A tarde desta Sexta-Feira Santa (3/4) no Morro da Capelinha é marcada por um misto de devoção e organização reforçada na segurança. Enquanto o cardeal arcebispo de Brasília, Dom Paulo Cezar Costa, preside a missa que antecede o espetáculo, autoridades acompanham de perto a mobilização que para o Distrito Federal. Presente no evento, a governadora Celina Leão destaca o caráter suprarreligioso da celebração. "É uma festa que tem muita fé, realizada há mais de 30 anos, onde o povo relembra aquele que deu a vida por nós. Quem nunca veio, deveria vir. Não é sobre religião ou igrejas, mas sobre aquele que está acima de todo nome", afirma.
Para garantir que a emoção não seja interrompida por incidentes, a Secretaria de Segurança Pública montou uma operação reforçada. Segundo o secretário em exercício, Alexandre Patury, o efetivo ultrapassa mil profissionais, entre 700 policiais e 250 bombeiros, apoiados por tecnologia de reconhecimento facial e drones oficiais. "Trabalhamos para que as pessoas venham seguras. Nossa atenção é permanente, inclusive na dispersão, para evitar crimes de oportunidade como furto de celulares", alerta Patury, reforçando que o uso de drones não autorizados está proibido por segurança.
A essência do espetáculo, no entanto, reside no voluntariado e na história da própria comunidade. O ex-secretário de Cultura, Cláudio Abrantes, que este ano interpreta o apóstolo André, personifica essa dedicação há 35 anos. "A Via-Sacra tem um olhar de longevidade alicerçado na fé. Valorizamos a prata da casa; o próprio Rafael (que interpreta Jesus) veio da Via-Sacra da Criança. Não encenamos apenas um texto, acreditamos no que fazemos", relata Abrantes, que define o grupo como um dos maiores do mundo.
Além do impacto espiritual, o administrador regional de Planaltina, Wesley Fonseca, pontua a relevância econômica da encenação. "A Via-Sacra mexe com toda a comunidade. O comércio e os ambulantes ganham muito. A cidade está preparada para acolher quem vem em busca de milagres ou apenas para apreciar o espetáculo", frisa.
Segurança e infraestrutura
Para garantir a tranquilidade dos fiéis, o GDF opera sob o Protocolo de Operações Integradas (POI). A estratégia centraliza o atendimento na Cidade da Segurança Pública, com monitoramento em tempo real. A Polícia Militar (PMDF) atua com unidades especializadas, como Cavalaria e Batalhão de Trânsito, realizando revistas em pontos estratégicos. O público conta ainda com a Sala Lilás Itinerante para apoio a mulheres e uma unidade para identificação de crianças. O Corpo de Bombeiros (CBMDF) mantém 215 militares e 25 viaturas prontos para atendimentos e salvamentos no terreno íngreme.
Recomenda-se o uso de protetor solar, roupas leves e hidratação constante. O uso de drones particulares é proibido. Em emergências, deve-se procurar os postos médicos ou acionar o 193.

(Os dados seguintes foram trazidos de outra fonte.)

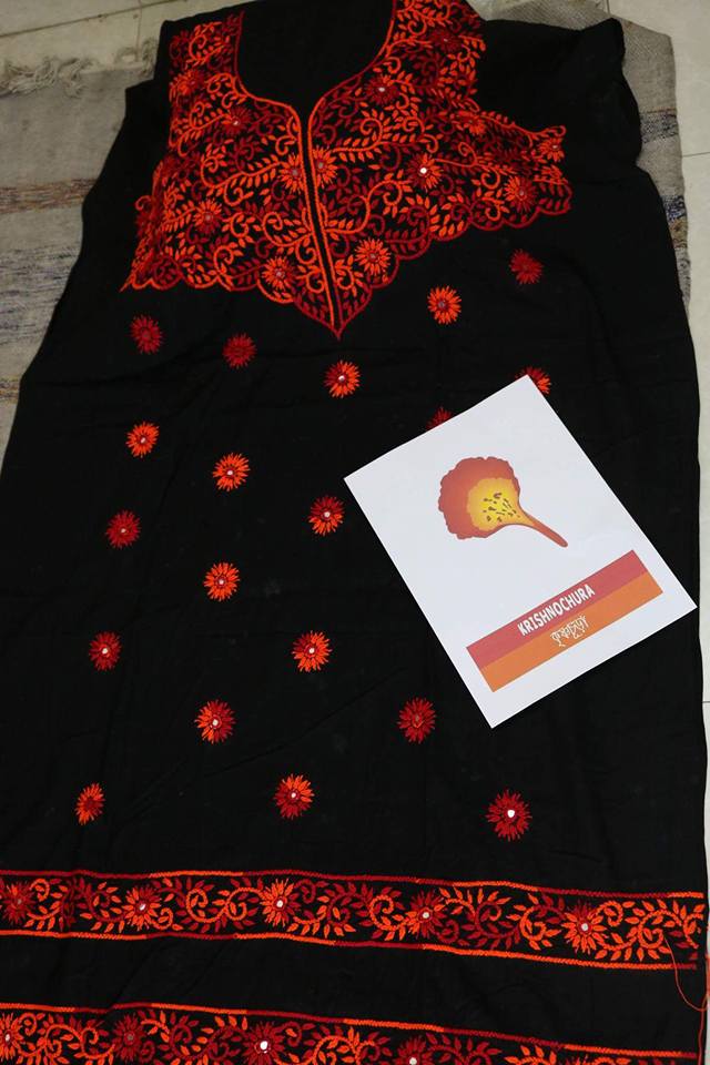 Beautifully embroidered unstitched kamiz piece in cotton voile based cloth. This piece comes in an elegant black and orange color and can be worn to traditional occasions such as Pooja, Eid or any other deshi festivities.
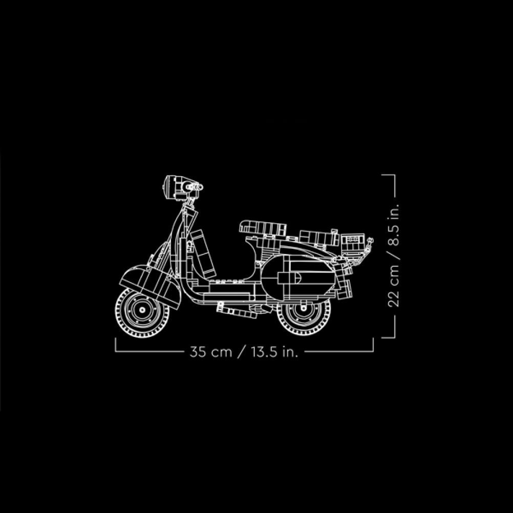 Come l'originale, questo modello di Vespa costruibile è caratterizzato da una ruota anteriore montata su un lato, 2 sedili, una copertura rimovibile che ricopre un motore in mattoncini, un cavalletto funzionante, così come lo sterzo.

O Morro da Capelinha é o epicentro da devoção no DF nesta Sexta-Feira Santa, com a expectativa de reunir uma multidão que pode superar os recordes anteriores. Após atrair 100 mil pessoas em 2024 e alcançar a marca de 150 mil fiéis em 2025, o espetáculo de 2026 encerra a programação religiosa com fôlego renovado.
Mantendo uma tradição que resiste desde 1973, a encenação da Paixão de Cristo em Planaltina mobiliza o Grupo Via Sacra ao Vivo, que conta com uma equipe de 1.400 colaboradores — sendo 1.100 atores dedicados a dar vida aos personagens bíblicos.

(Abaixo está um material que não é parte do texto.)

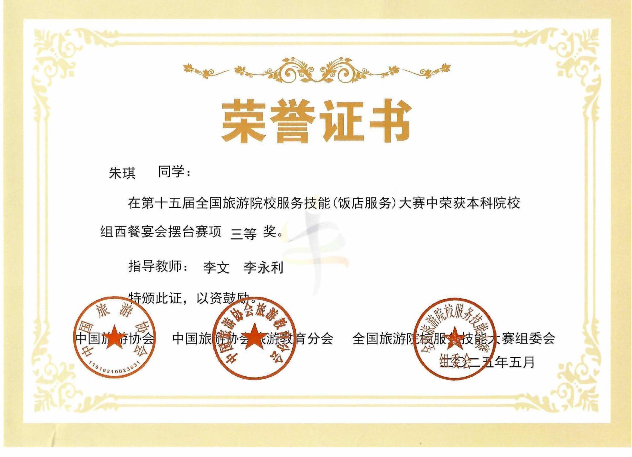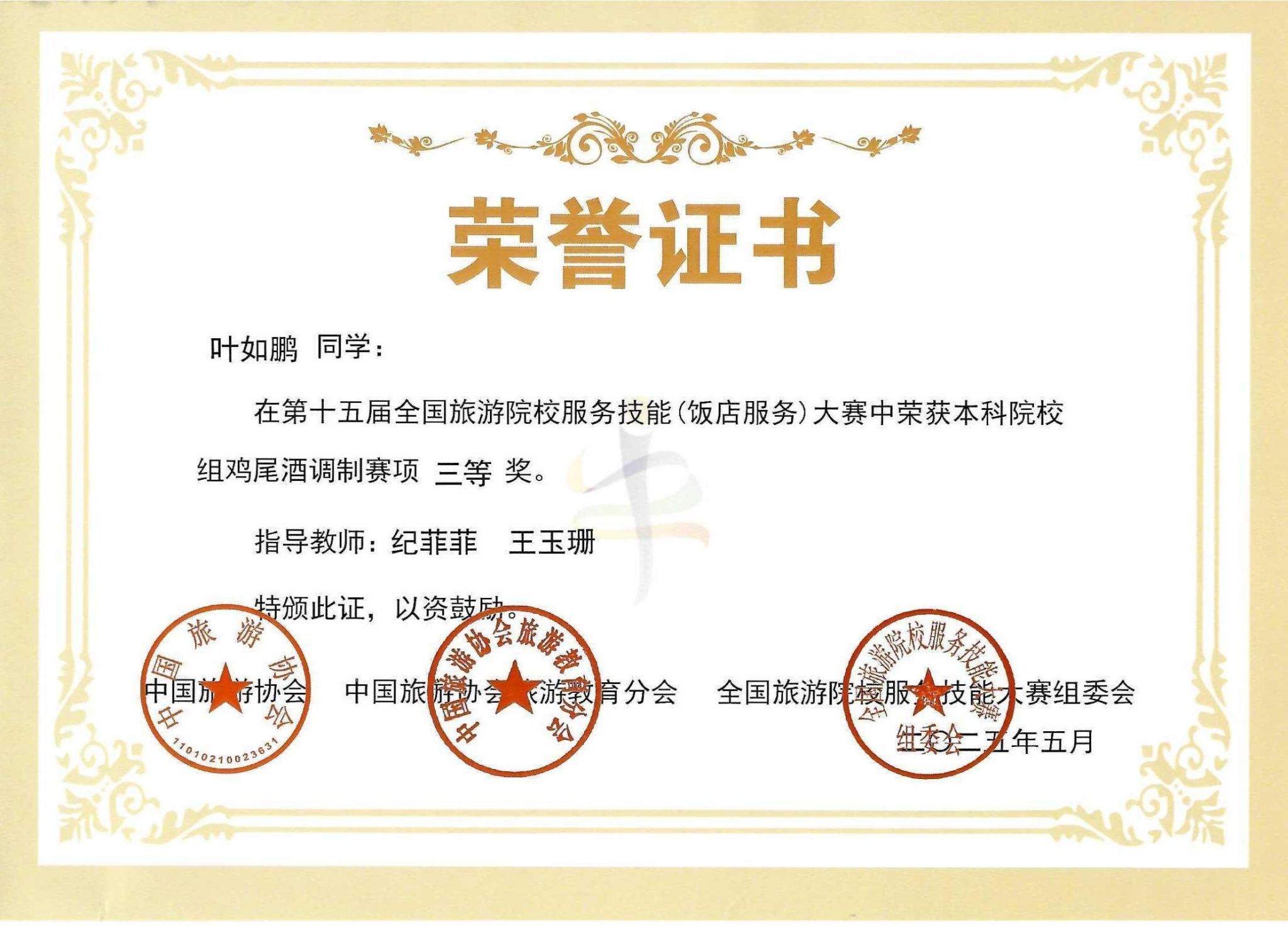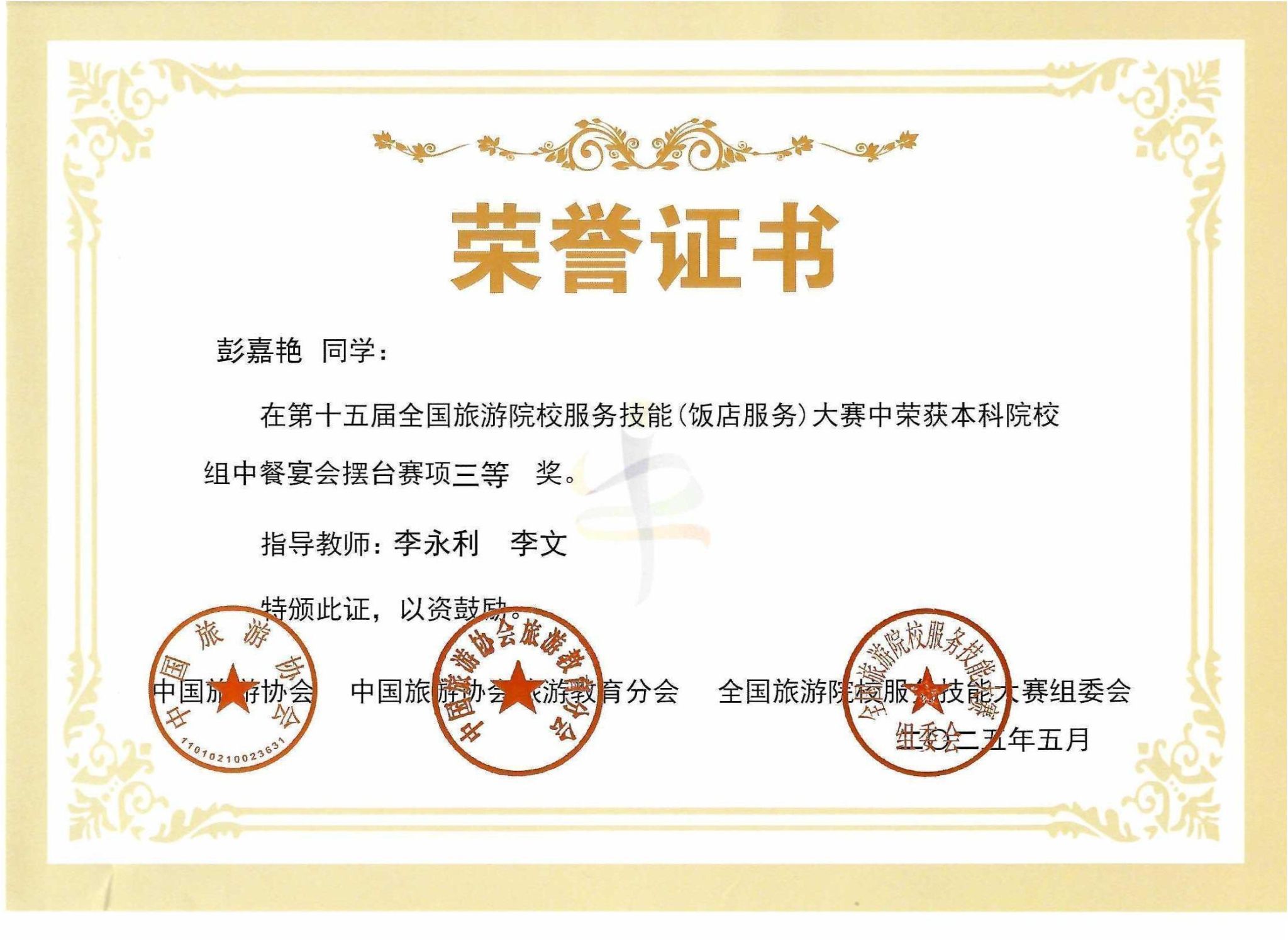 我校学生在第十五届全国旅游院校服务技能大赛中斩获佳绩
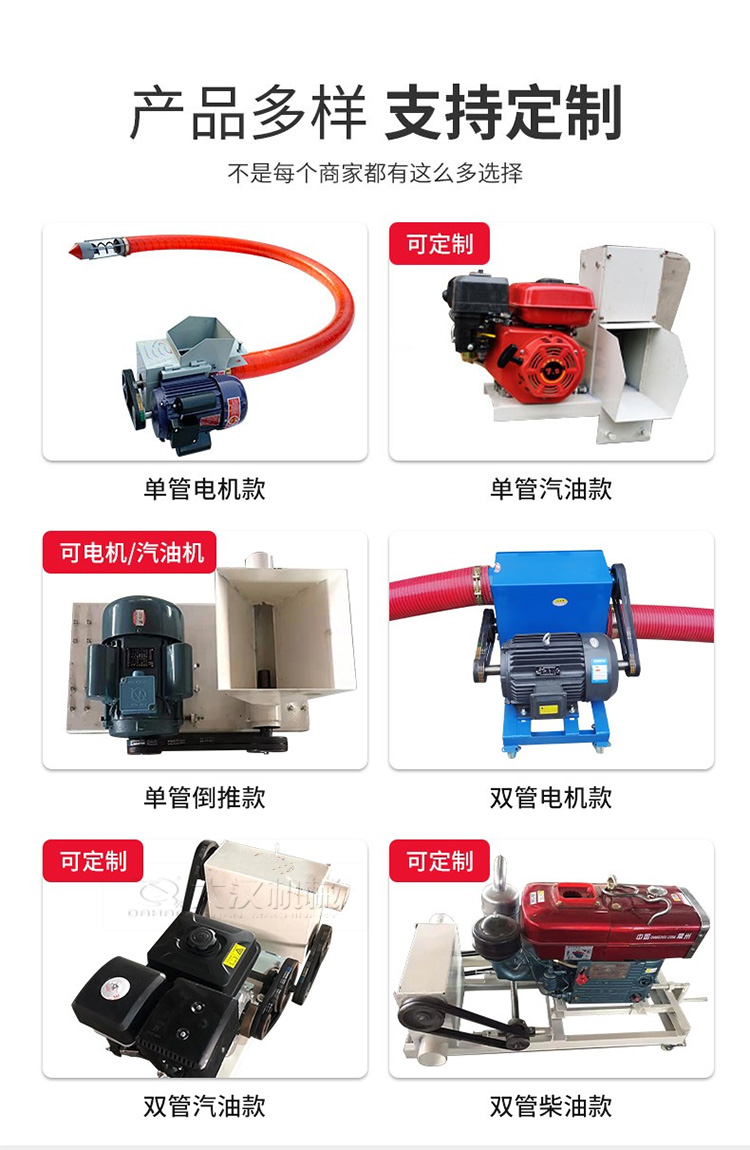 一般情況下,車(chē)載吸糧機(jī)采用的是220V電壓,單相異步電機(jī),使用廣泛,安全可靠,不易產(chǎn)生事故,也可以選擇380V電壓,另外在沒(méi)有電源的情況下,也可以選擇汽油或柴油機(jī)。
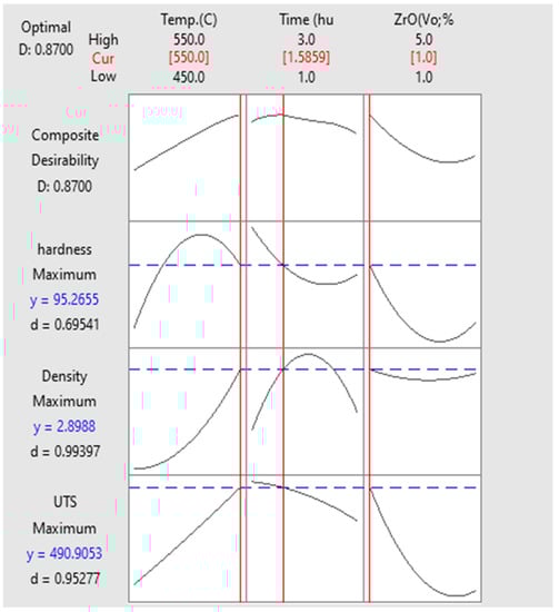 The multi-objective optimisation results of this study were consistent with the above optimal results, especially with T and VF. The maximum responses of this study for T, t, and VF were 550 °C, 1.6 h, and 1 vol% ZrO2. The average UTS, microhardness, and density of this study were 490 MPa, 95.2 HV, and 2.89 g/cm3, respectively (Figure 14).

O ápice das celebrações começou oficialmente às 15h, com a Celebração da Santa Cruz, seguida pelo início do espetáculo que, ao longo de quatro horas, reproduz os momentos cruciais da narrativa cristã: julgamento, prisão, crucificação, morte e ressurreição.
Nesta edição, a jornada de 800 metros é guiada pelo tema "Nada te aflija! Não estou aqui eu que sou tua mãe?", inspirado em Nossa Senhora de Guadalupe, consolidando o evento como um dos maiores patrimônios culturais e religiosos do Brasil.